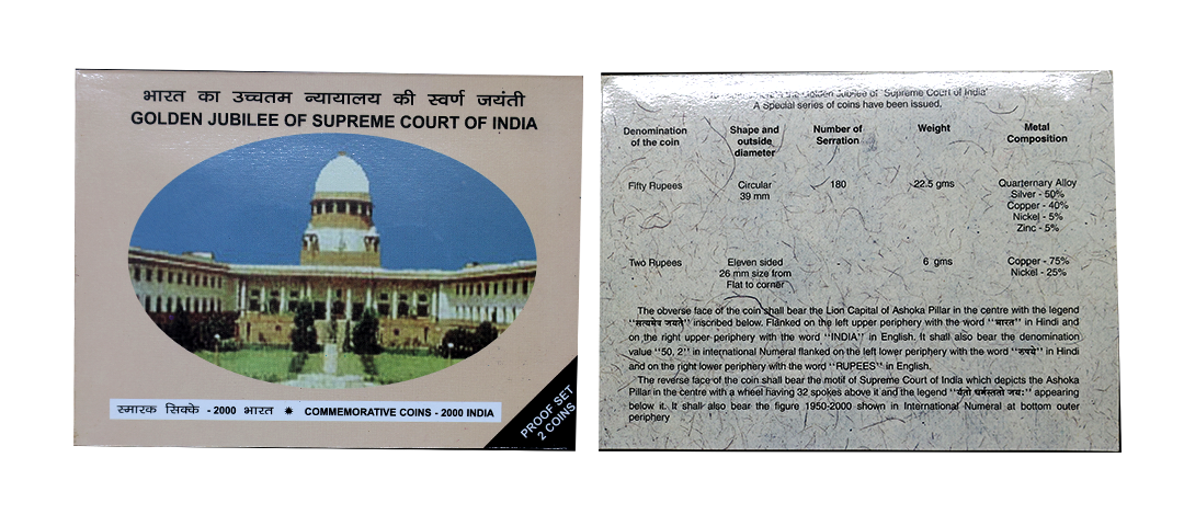 2000 Proof Set, Golden Jubilee of Supreme Court of India, set of 2, Rupees 2 and 50. In immaculate condition, within original packaging, Rare. (2); ( from the collection of Mr. I. K. Kejriwal ).
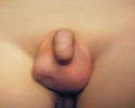 Fig. 1. Patient C., 30 years old. Testicle is pulled to the superficial inguinal ring. Photo was made before surgery
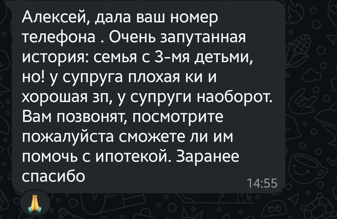 Абсолютно верная позиция у застройщика!! Аплодисменты! Честно. Итак, вы риелтор или застройщик и провели первичную верификацию клиента- что хочет, что с работой, какая кредитная история. И если услышали, то что пишет человек сразу ищем брокера. Не бегать по банкам с пакетом документов, а именно переслать их брокеру Я как брокер, по крайней мере сделаю анализ ситуации и дам вам, в отличие от банка обратную связь- это клиент для вас или "пассажир". Вы сэкономили ресурсы, и получили результат. Уважаемые застройщики и риелторы, если у вас примерно такая ситуация у клиента, пишите @ipotekaprosto1. И я дам ответ в течении дня, что можно с этим сделать и можно ли вообще
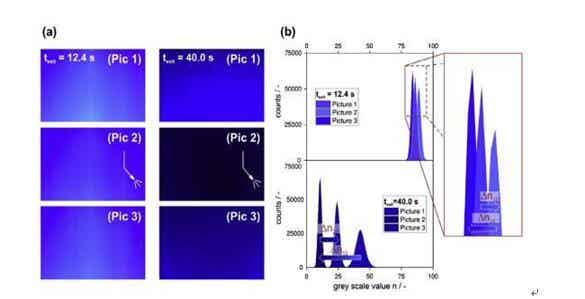 圖5 (a)在兩個干燥時刻,各自連續拍攝的三張照片的比較。捕捉第二張照片時,用加壓空氣噴嘴向照相區域涂層上直接噴射空氣氣流。(b)在較短干燥時間(texit=12.4s)時,三張照片中獲得的nmax都很大,差值Δn12和Δn23小并且都落在試驗值偏差范圍內。而texit=40.0s時,三個nmax都很小,噴嘴作用導致的差值Δn12和Δn23很大。
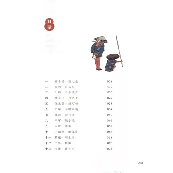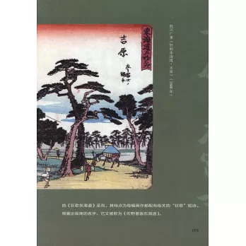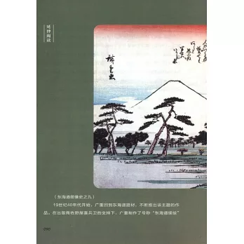 東海道五十三次,指日本江戶時代從江戶到京都的驛道東海道途中所經過的53個宿場。東海道是當時日本最繁華的驛路,也歷來是浮世繪的經典畫題。本書以廣重經典版《東海道五十三次》為主,附以北齋、國貞等大師創作的東海道浮世繪,講解其中的風景故事、地方風俗及各自的藝術風格。
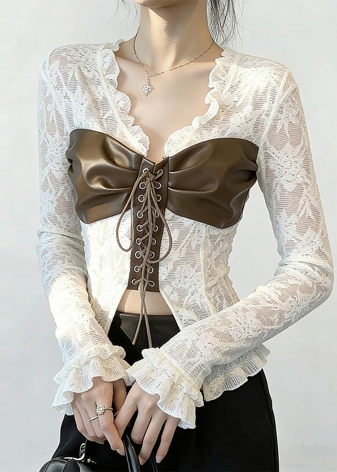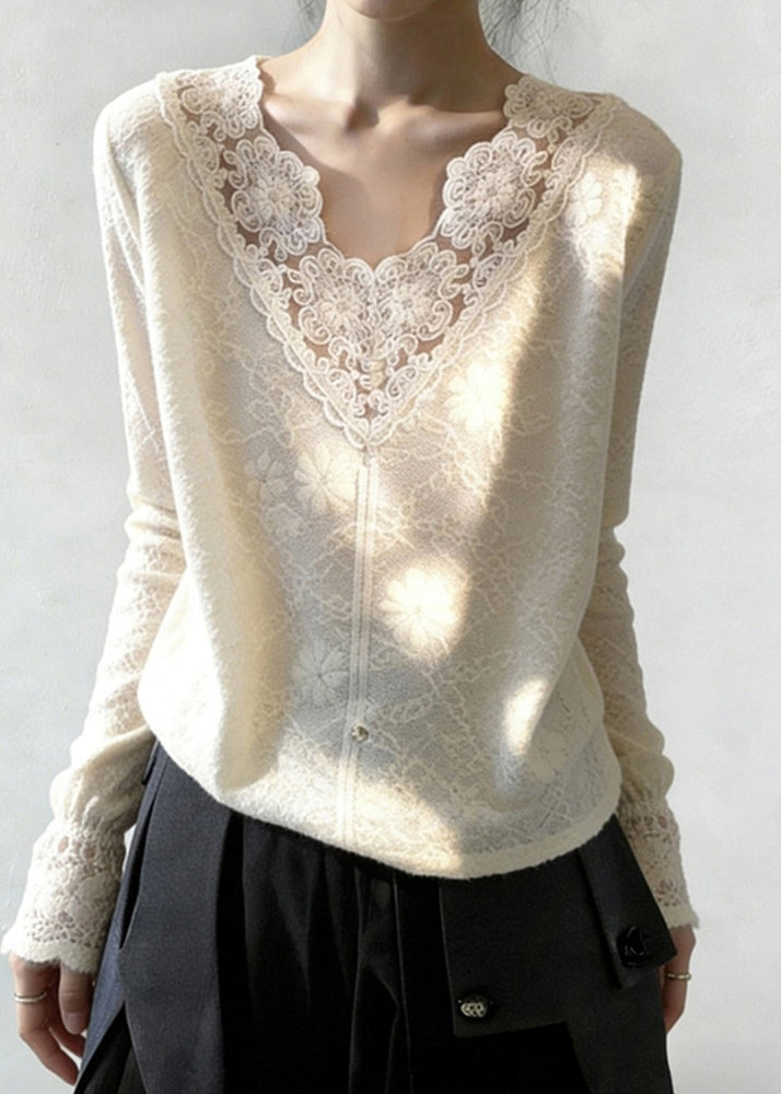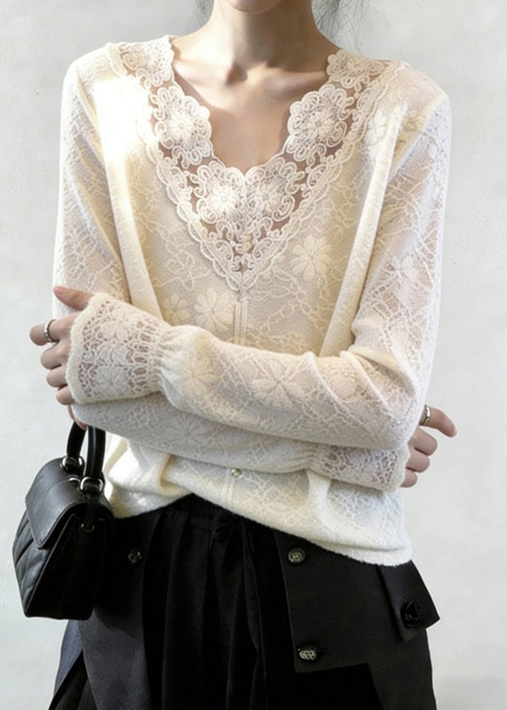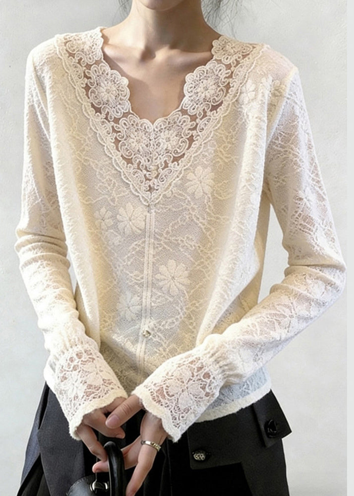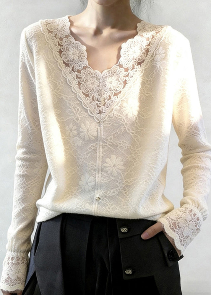 Women White V Neck Patchwork Jacquard Lace Shirt Tops Spring
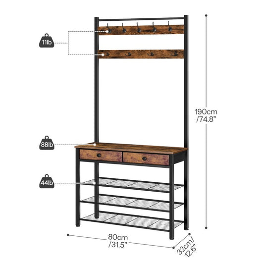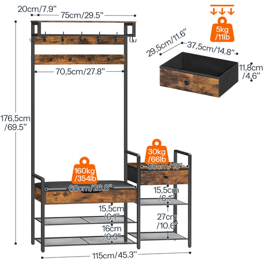 HOOBRO Hall Tree, Entryway Coat Rack Shoe Bench, Shoe and Coat Rack for Entryway, Hall Tree Coat Rack, with Non-Woven Fabric Drawer, for Entrance, Foyer
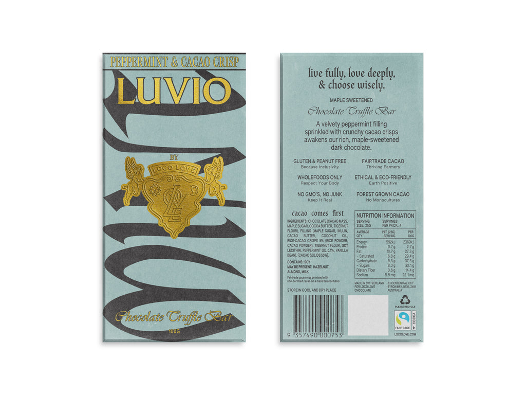 Bright, creamy, and seriously refreshing. A cool peppermint truffle centre with a smattering of cacao crisps, draped in smooth maple-sweetened chocolate. Maple brings minerals, antioxidants, and sweetness without the crash, so every bite feels clean and satisfying. Perfect after dinner — or anytime you want that clear, mint-chocolate hit.
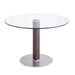 Simple and functional. The Café dining table demonstrates refined design features with its stainless steel base and walnut veneer vertical post with round glass top. Add a touch of sophistication and glamour to your home with this modern dining table.
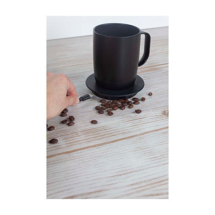 Caneca inteligente com sistema de controlo de temperatura para manter a bebida no ponto desejado até 1,5 horas por carga. Dispõe de bateria de longa duração e porta-copos de carga para conservar o calor continuamente quando é colocada na base. O ecrã LED (díodo emissor de luz) facilita o ajuste entre 50 °C e 62,5 °C, de acordo com o tipo de bebida. Conta com impermeabilidade IPX6 (proteção contra jatos de água) para enxaguar debaixo da torneira, apesar de se recomendar lavar à mão. Opção prática para escritórios, receções ou ações de marca de uso diário.

▶ **Directions for this task**
Print the full listing exactly, dropping the pictures.

▶ **Result of this task**
 2000 Proof Set, Golden Jubilee of Supreme Court of India, set of 2, Rupees 2 and 50. In immaculate condition, within original packaging, Rare. (2); ( from the collection of Mr. I. K. Kejriwal ).
 Fig. 1. Patient C., 30 years old. Testicle is pulled to the superficial inguinal ring. Photo was made before surgery
 Абсолютно верная позиция у застройщика!! Аплодисменты! Честно. Итак, вы риелтор или застройщик и провели первичную верификацию клиента- что хочет, что с работой, какая кредитная история. И если услышали, то что пишет человек сразу ищем брокера. Не бегать по банкам с пакетом документов, а именно переслать их брокеру Я как брокер, по крайней мере сделаю анализ ситуации и дам вам, в отличие от банка обратную связь- это клиент для вас или "пассажир". Вы сэкономили ресурсы, и получили результат. Уважаемые застройщики и риелторы, если у вас примерно такая ситуация у клиента, пишите @ipotekaprosto1. И я дам ответ в течении дня, что можно с этим сделать и можно ли вообще
 圖5 (a)在兩個干燥時刻,各自連續拍攝的三張照片的比較。捕捉第二張照片時,用加壓空氣噴嘴向照相區域涂層上直接噴射空氣氣流。(b)在較短干燥時間(texit=12.4s)時,三張照片中獲得的nmax都很大,差值Δn12和Δn23小并且都落在試驗值偏差范圍內。而texit=40.0s時,三個nmax都很小,噴嘴作用導致的差值Δn12和Δn23很大。
 東海道五十三次,指日本江戶時代從江戶到京都的驛道東海道途中所經過的53個宿場。東海道是當時日本最繁華的驛路,也歷來是浮世繪的經典畫題。本書以廣重經典版《東海道五十三次》為主,附以北齋、國貞等大師創作的東海道浮世繪,講解其中的風景故事、地方風俗及各自的藝術風格。
 Women White V Neck Patchwork Jacquard Lace Shirt Tops Spring
 HOOBRO Hall Tree, Entryway Coat Rack Shoe Bench, Shoe and Coat Rack for Entryway, Hall Tree Coat Rack, with Non-Woven Fabric Drawer, for Entrance, Foyer
 Bright, creamy, and seriously refreshing. A cool peppermint truffle centre with a smattering of cacao crisps, draped in smooth maple-sweetened chocolate. Maple brings minerals, antioxidants, and sweetness without the crash, so every bite feels clean and satisfying. Perfect after dinner — or anytime you want that clear, mint-chocolate hit.
 Simple and functional. The Café dining table demonstrates refined design features with its stainless steel base and walnut veneer vertical post with round glass top. Add a touch of sophistication and glamour to your home with this modern dining table.
 Caneca inteligente com sistema de controlo de temperatura para manter a bebida no ponto desejado até 1,5 horas por carga. Dispõe de bateria de longa duração e porta-copos de carga para conservar o calor continuamente quando é colocada na base. O ecrã LED (díodo emissor de luz) facilita o ajuste entre 50 °C e 62,5 °C, de acordo com o tipo de bebida. Conta com impermeabilidade IPX6 (proteção contra jatos de água) para enxaguar debaixo da torneira, apesar de se recomendar lavar à mão. Opção prática para escritórios, receções ou ações de marca de uso diário.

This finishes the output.